Recognizing the classic $3-4-5$ Pythagorean triplet instantly saves you from manually calculating the resultant force!

Answer 1

Step 1: Understanding the Concept:
When multiple forces act simultaneously on a single body, the resulting acceleration is caused by the net vector sum of all forces.
Since the two given forces are perfectly perpendicular to each other, their resultant can be found using the Pythagorean theorem.

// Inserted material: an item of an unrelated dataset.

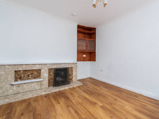 – Living Room: Cosy space with an open fire and built-in shelving

Step 2: Key Formula or Approach:
The magnitude of the resultant force $F_{\text{net}}$ of two perpendicular forces $F_1$ and $F_2$ is $F_{\text{net}} = \sqrt{F_1^2 + F_2^2}$.
By Newton's Second Law of Motion, the relationship between force, mass, and acceleration is given by $F_{\text{net}} = m \times a$.
Step 3: Detailed Explanation:
The two applied forces are $F_1 = 4\text{ N}$ and $F_2 = 3\text{ N}$.
Calculating the net force acting on the body:
\[ F_{\text{net}} = \sqrt{4^2 + 3^2} \] \[ F_{\text{net}} = \sqrt{16 + 9} = \sqrt{25} = 5\text{ N} \] We are given that the resulting acceleration is $a = 2\text{ m/s}^2$.
Substituting the net force and acceleration into Newton's Second Law formula:
\[ 5 = m \times 2 \] \[ m = \frac{5}{2} = 2.5\text{ kg} \] Step 4: Final Answer:
The mass of the body is $2.5\text{ kg}$.